Surface roughness of injection mold parts
The surface roughness of injection mold parts is a key indicator of mold processing quality, directly impacting product surface quality, mold life, and molding efficiency. Surface roughness refers to the degree of microscopic irregularities on a part’s surface and is typically expressed as the Ra value (arithmetic mean deviation of the profile), measured in micrometers (μm). Surface roughness requirements vary significantly among mold parts due to their varying functions. Properly controlling roughness ensures product precision while reducing processing costs, making it a critical consideration in mold design and manufacturing.
The cavity and core, as parts in direct contact with the melt, have the most stringent surface roughness requirements, typically requiring a range of Ra 0.025–0.8 μm. High-gloss products require a cavity surface roughness of Ra 0.025–0.1 μm, achieved through mirror grinding and polishing to ensure a consistent gloss without scratches or orange peel. For products with general appearance requirements, the cavity roughness can be relaxed to Ra 0.2–0.8 μm, using conventional grinding and fine polishing. For example, the cavity surface of a mobile phone case mold must be polished to Ra 0.05 μm, achieved through diamond grinding and fine polishing with chromium oxide polishing paste to achieve a mirror finish. For industrial component molds, a cavity roughness of Ra 0.8 μm is sufficient. Cavity surface roughness also affects melt flow. A smooth surface reduces flow resistance and lowers filling pressure, making it particularly suitable for high-viscosity plastics.
The surface roughness requirement for guide mechanism components (such as guide pins and guide sleeves) is Ra0.1-0.8μm to reduce friction and wear during relative motion. The roughness of the outer diameter of the guide pin and the inner bore of the guide sleeve must be controlled within Ra0.1-0.4μm. The smaller the clearance, the higher the roughness requirement. For example, the roughness requirement for guide pins and sleeves in precision molds is Ra0.1μm to ensure smooth movement without binding. Standard molds can be relaxed to Ra0.8μm, but regular lubrication is required to reduce wear. The surface roughness of the guide mechanism also affects the positioning accuracy of the mold. Excessive roughness will increase the clearance and affect the dimensional stability of the product. Therefore, precision grinding is required to ensure surface quality.

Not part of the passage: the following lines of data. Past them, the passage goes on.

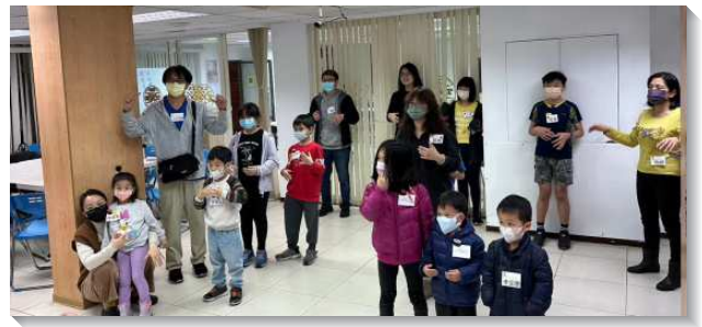
▲ 聖徒邀約親子參加兒童福音活動

我們藉著禱告邀約到許多人，超過所求所想：一位福音媽媽不但帶孩子來，還帶著從台中來看她的姊妹一家四人參與。國小高年級姊妹邀約她們的同學、舅舅、弟弟一同來。還有已過福音出訪接觸到尚未過召
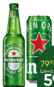
Пиво HEINEKEN светлое 4,8%, 0,43-0,47 л (Россия)
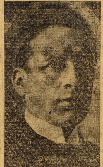
O general Flores da Cunha, cuja attitude em face do actual movimento não está ainda bem declarada

Adeantam essas noticias que os dois Estados subleva-
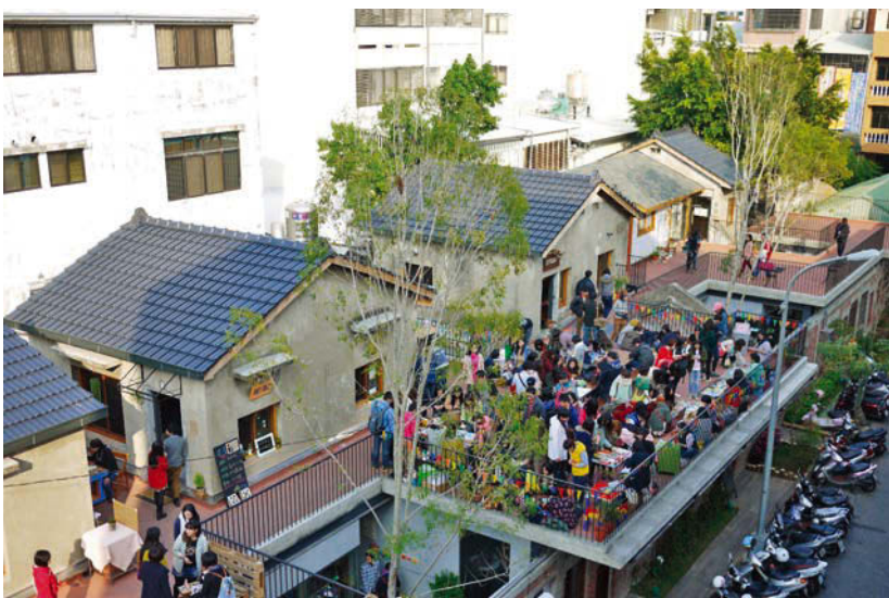
范特喜集團受到各縣市政府的邀請，進行全台灣的老空間活化工程。

另一方面，眾社會企業也為身障者打造出創新職種「友善特派員」，即聘僱身障者蒐集、調查與評估店家的無障礙設施資訊，建置智慧城市友善資訊，成
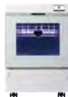
器具除染用洗浄器 IC-Washer
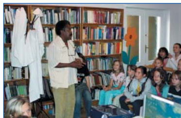
BIBLIOTEKA PUBLICZNA DZIELNICY WOLA

Ciekawi świata młodzi ludzie mogli poznać w lipcu nie tylko kulturę afrykańską, ale również japońską, dzięki attache kulturalnemu ambasady, który zaprosił nas na
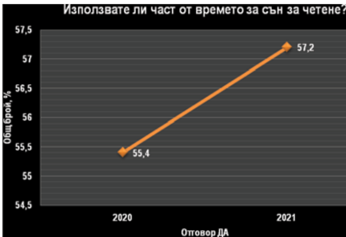
Фиг. 2. Съкратено време за сън за сметка на четенето (2020 г. и 2021 г.)

Първият и очакван резултат, който получихме чрез проучването, е за осъзната ценност на четенето като технология на информирането. Повече от половината респонденти разчитат на четенето за оперативна информация. Тенденцията бележи лек ръст – от 61,4% през март 2020 г. до 63,9% през март 2021 г.
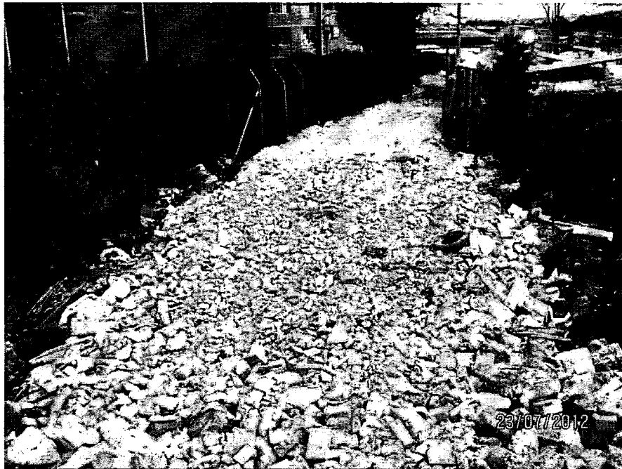
Foto 11. Carreteable por donde al parecer ingresan las volquetas que contienen los escombros. Nótese los escombros dispuestos para el acondicionamiento de esta vía de acceso.
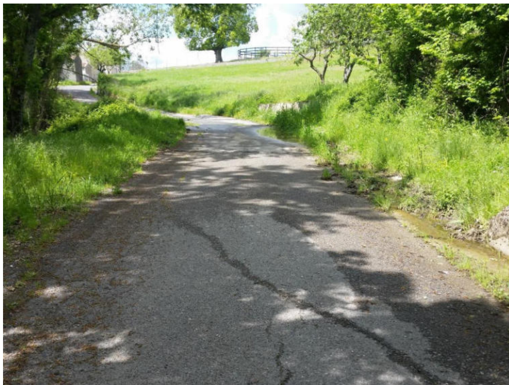
Int. 5.1.19 Strada Pongiuto
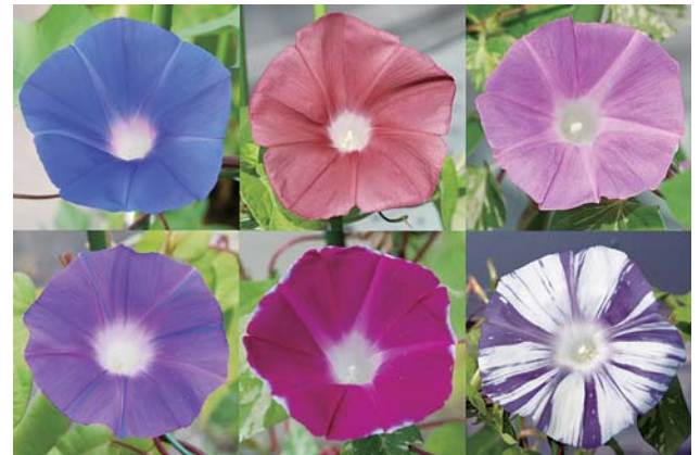
図 1. 多彩なアサガオの花色

連携して、その遂行を担っている。当研究室では 200 の花色に係わる突然変異系統、6 万の EST クローン、11 万 5 千の BAC クローンを保存し、国内外の研究者に提供している。
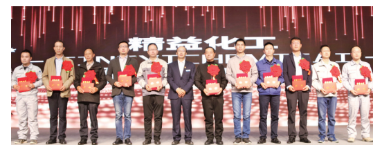
施工单位优秀项目经理及优秀管理者
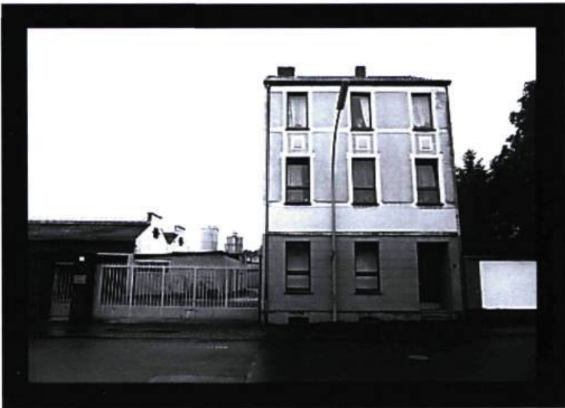
Maison familiale de Gregor Schneider, à Rheydt-Mönchengladbach.
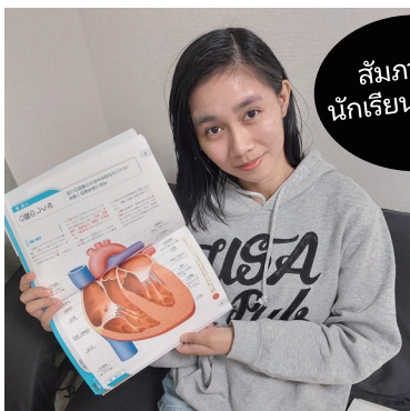
สัมภาษณ์นักเรียนปัจจุบัน

ทางวิทยาลัยจะสนับสนุนการเดินทางเรื่องต่างๆ เกี่ยวกับสถานภาพการพำนัก การศึกษาต่อ การหางานทำ ฯลฯ อย่างเต็มที่!
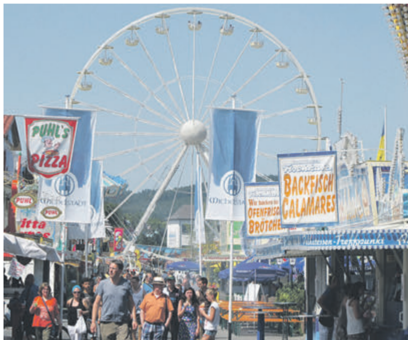
Riesenrad, Kettenkarussell und eine neue Achterbahn – das sind nur einige Attraktionen auf dem Bienenmarkt.

Rings um den Vergnügungsmarkt haben etwa 80 Händler mit den unterschiedlichsten Waren ihren Platz bezogen. Zum Rahmenprogramm gehört das Kinderfest, welches von den Michelstädter Schulen am Mittwoch, 31. Mai, von 15
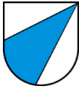
Beinwil am See
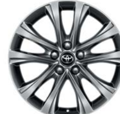
Jante en alliage 18" Sonora RAV4 Lounge.
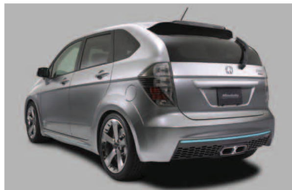
リアスタイリング
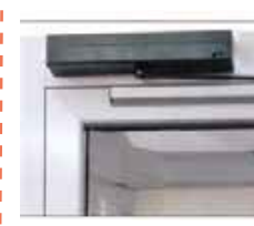
Ouvre-porte automatique pour portes battantes
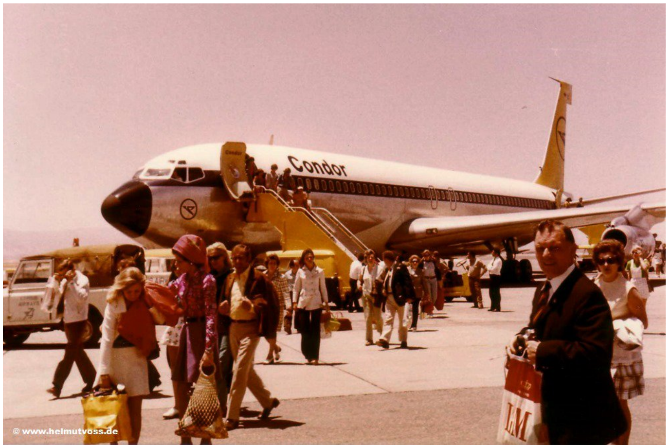
Άφιξη στο νησί της Αφροδίτης
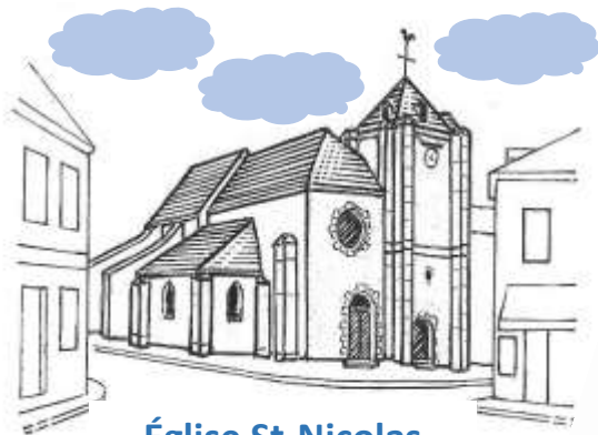
Église St-Nicolas rue Jean Jaurès
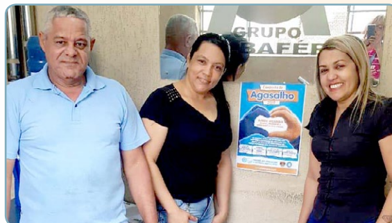
ALBAFER e GP CABOS Alsira e assistente
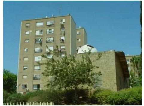
المنشيه: مسجد منشية عكا بعد تعرضه للتخريب
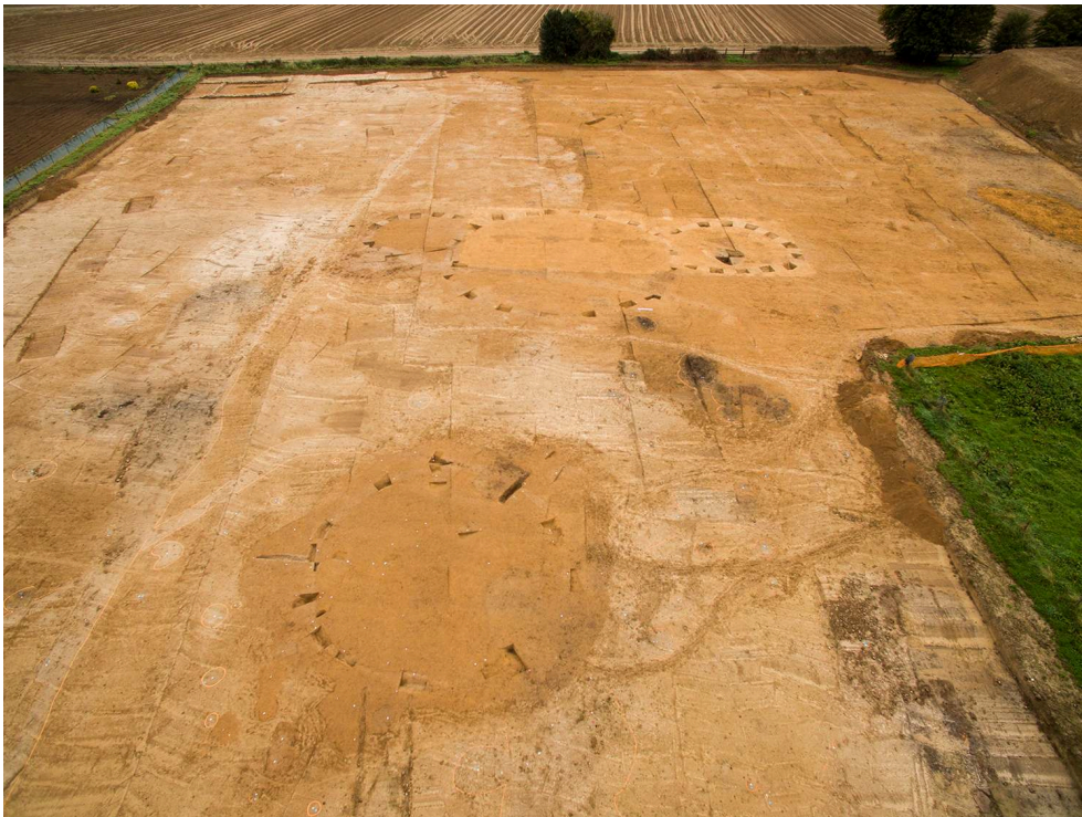
Fig. 1 – Les enclos pré-protohistoriques en cours de fouille, vus vers l'est
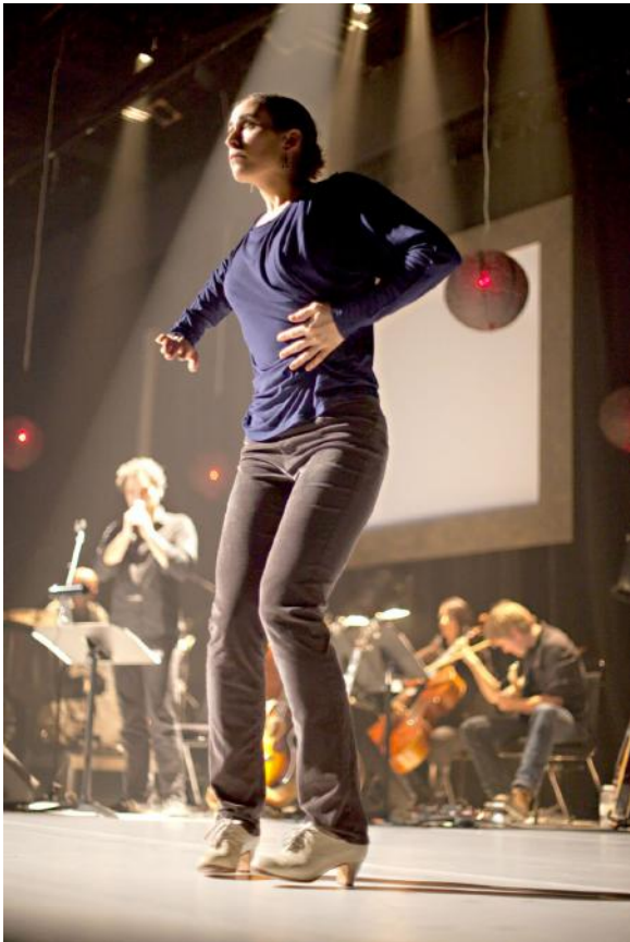
Des chorégraphies en l'honneur de Lhasa de Sela
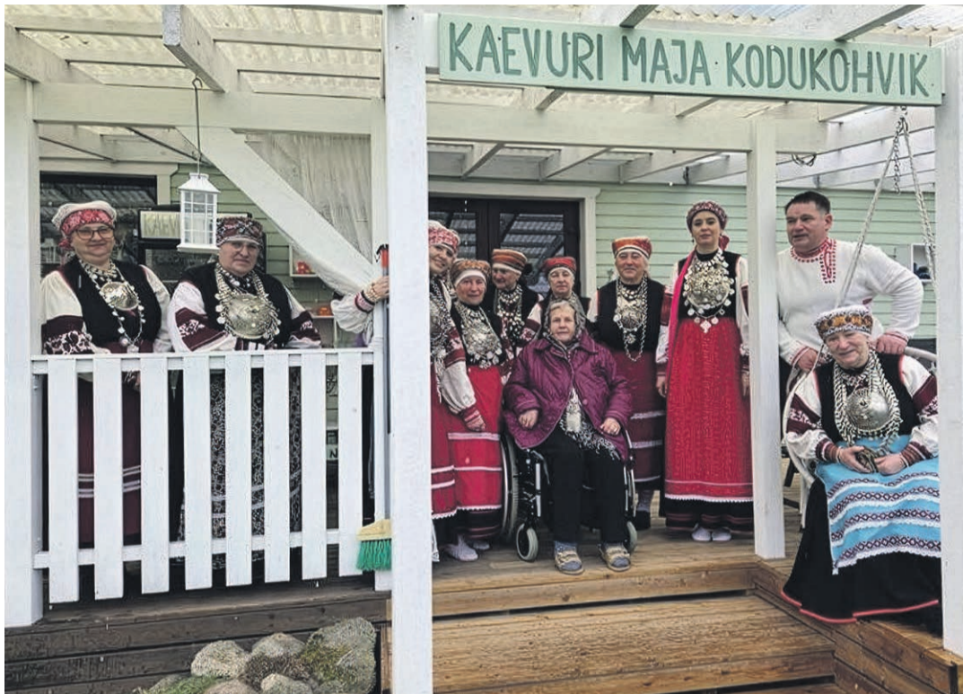
Sõsarõ naase' üteh pererahvaga Kaevuri maja kodukohvigu repi pääl.
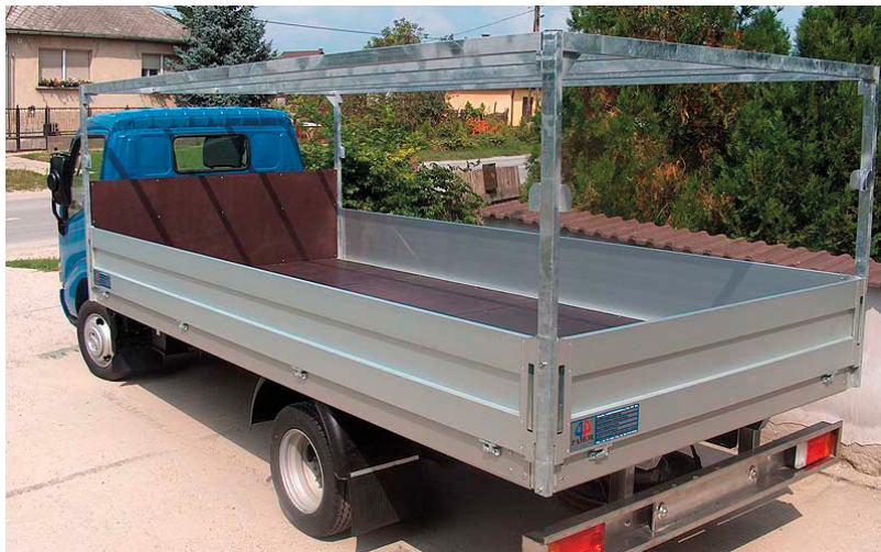
Ha a vevő tudja, hogy mit és hogyan akar szállítani, egyáltalán mire akarja használni a felépítményt, akkor a kivitelező ennek megfelelően gyártja azt

–Másfajta felépítményt javasolunk egy asztalosnak, egy villanyszerelő brigádnak, esetleg egy építőipari cégnek. Ezért, és a
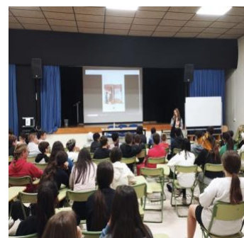
IES HUERTA DEL ROSARIO CHICLANA
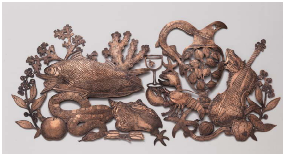
Michaël Cailloux, Lyrisme, plaque de gravure pour l'eau-forte en cuivre découpé et gravé, martelage au dos, vernis Pièce unique. Encadrement sous rhodoïd, 42,5 x 64 cm

Exposition du 12 OCTOBRE au 8 DECEMBRE 2013
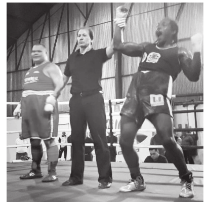
Boxeador de CM, que lutou por Osasco, é anunciado vencedor pelo juiz
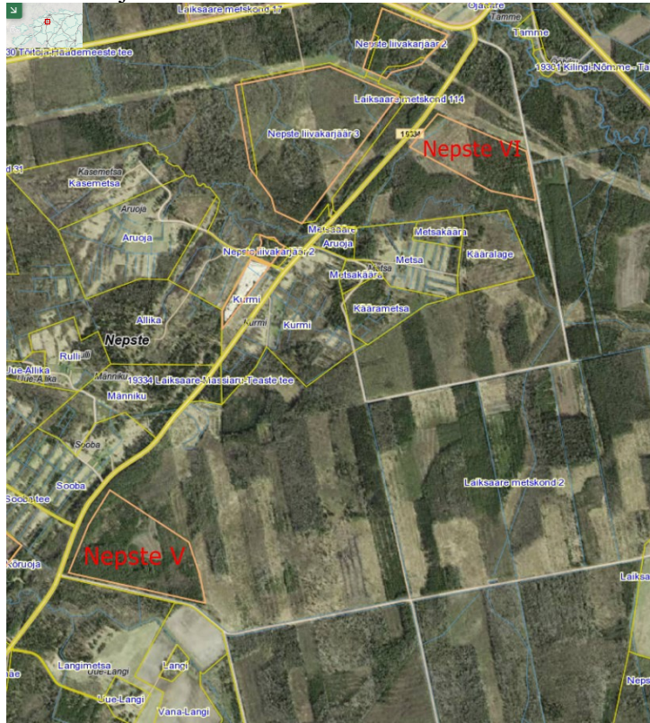
Joonis 1. Nepste V ja Nepste VI liivakarjääride asukohad.

Kavandatava tegevuse eesmärgiks on Pärnu maakonnas Hädemeeste vallas Nepste külas Laiksaare metskond 2 kinnistul (Joonis 1) ehitus- ja täiteliiva kaevandamine, mida on plaanis kasutada tsiviil- ja teedeehituses. Eelkõige kulub täitematerjali Rail Balticu ehitusele, kui ka lähipiirkonnas asuvate teede ehituseks- ja rekonstrueerimiseks.

The surface roughness of ejector mechanism components (such as ejector pins and ejector plates) generally ranges from Ra0.4 to 3.2μm. The mating surface between the ejector pin and the ejector hole must reach Ra0.4 to 0.8μm to prevent sticking or leakage caused by excessive roughness. The working surface roughness of the ejector plate should be Ra1.6 to 3.2μm, which is sufficient to meet flatness requirements. For ejector parts that require frequent movement, the surface roughness should be appropriately reduced. For example, the ejector pin in an automotive bumper mold has a roughness of Ra0.4μm. The mating surface is nitrided to a hardness of HRC55 or higher, significantly improving wear resistance and service life. The roughness of the ejector mechanism must also be matched to the lubricant. A smooth surface combined with a specialized high-temperature grease can further reduce the coefficient of friction.
The surface roughness requirements for template components (such as fixed and movable templates) are differentiated by function. Working surfaces in contact with the mold cavity should have a roughness of Ra 0.8 to 3.2 μm to ensure a tight mold seal. Non-working surfaces (such as the sides and back) should have a roughness of Ra 3.2 to 12.5 μm, and only need to meet installation and strength requirements. The roughness of the template’s guide post holes, screw holes, and other mating holes should be Ra 1.6 to 6.3 μm. The hole walls must be smooth to ensure assembly accuracy. For example, the roughness of the guide post holes should be Ra 1.6 μm, achieved through reaming or boring, to ensure that the guide post does not loosen after being pressed in. Template roughness also affects the overall rigidity of the mold. Excessively rough surfaces can cause stress concentration, reducing the mold’s service life. Therefore, important templates require surface shot peening to reduce roughness and eliminate internal stress.
Controlling the surface roughness of mold parts requires a combination of processing technology and cost-effectiveness. High-precision roughness (Ra ≤ 0.1 μm) requires ultra-precision grinding, polishing, or electrochemical machining, which are costly and suitable for high-demand products. Medium roughness (Ra 0.2-1.6 μm) can be achieved through conventional grinding and milling, which is moderately cost-effective and widely applicable. Low-precision roughness (Ra ≥ 3.2 μm) can be achieved through rough milling and planing and is suitable for non-matching parts. In actual production, reasonable roughness standards must be established based on product requirements. For example, key parts in molds for medical-grade products must meet a roughness of Ra 0.05 μm, while molds for consumer goods can be relaxed to Ra 1.6 μm. At the same time, regular surface roughness testing of parts should be performed, using a roughness meter and multiple measurements at different locations to ensure compliance with design requirements and avoid product defects or mold failures caused by excessive roughness.